NYC Working to Accommodate Students During Bus Strike

New York City is taking measures to ensure that no children are left out in the cold and unable to get to school due to the school bus strike currently in effect. All students who take the familiar yellow buses to school were issues MetroCards to allow them to get to class using public transport. [...]

New York City is taking measures to ensure that no children are left out in the cold and unable to get to school due to the school bus strike currently in effect. All students who take the familiar yellow buses to school were issues MetroCards to allow them to get to class using public transport. Cards for parents to allow them to accompany their kids will be issued later this week.

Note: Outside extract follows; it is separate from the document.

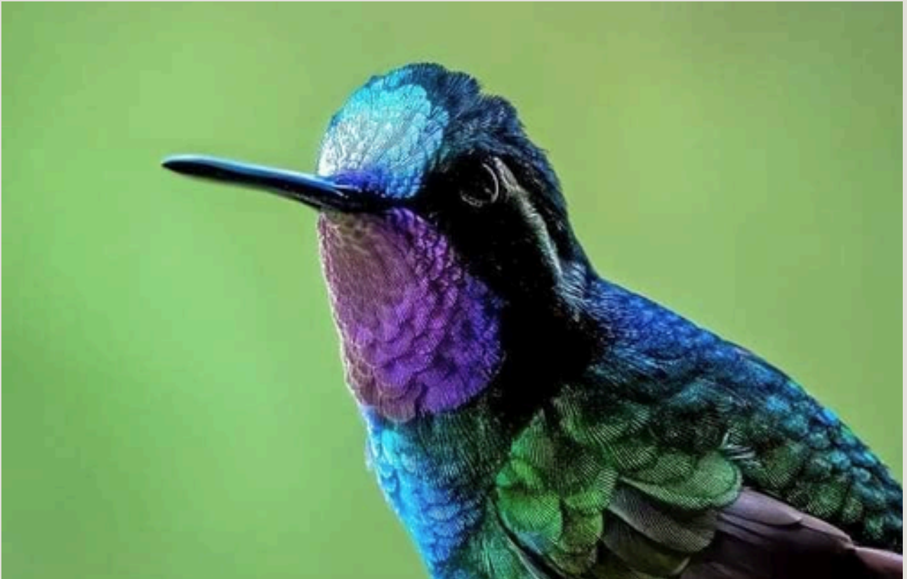
Purple-throated Mountain-gem

Wednesday saw the commencement of the first industrial action by the school drivers union since the 1970s, leaving 152,000 kids who rely on this mode of transportation out in the cold – literally. The strike also created chaos for their parents, who have had to rely on car ride, trains, city buses and even taxis in order to get their children to school.

Schools Chancellor Dennis Walcott attempted to reassure parents during an address on 1010 WINS radio. He said that the city will be working to fill the parents’ transportation needs, but acknowledged that at least for a first couple of days of the strike, it will be tough going to get everyone where they needed to be on time.

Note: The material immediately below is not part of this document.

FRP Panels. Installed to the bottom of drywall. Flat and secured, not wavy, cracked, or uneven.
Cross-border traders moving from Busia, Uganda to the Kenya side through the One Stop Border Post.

All students affected by the strike got MetroCards Tuesday to take subways and buses to school, but a plan to make the cards available to parents of young children and special education students has been hobbled by bureaucratic delays.

Parent MetroCards won’t be activated until Thursday because the MTA says it needs up to 72 hours to program the software in 6,000 buses.

City Councilman David Greenfield didn’t think that the measures put in place by the city were going to be very effective — at least not in the short term. Meanwhile other city education officials and parents expressed concerns that lack of school bus options might disproportionally hit special education and disabled students who need supervision and care from the time they leave their homes until the time they return from school in the evening.

Maggie Moroff of Advocates for Children said she’s worried about disabled students for whom public transportation won’t work.

“They don’t have a solid plan for how they’re going to deal with these more-complicated issues,” she said.

The union behind the strike, Amalgamated Transit Workers Union Local 1181, is protesting a city plan to bid out private bus contracts with no job guarantees for the union’s 8,800 drivers and escorts.

Its leaders have promised picket lines at bus yards, and other drivers unions have vowed not to cross those lines.

The transportation companies are hiring replacement workers to fill in for striking drivers, but they will not be ready to work for a better part of a week due to mandatory drug and alcohol tests.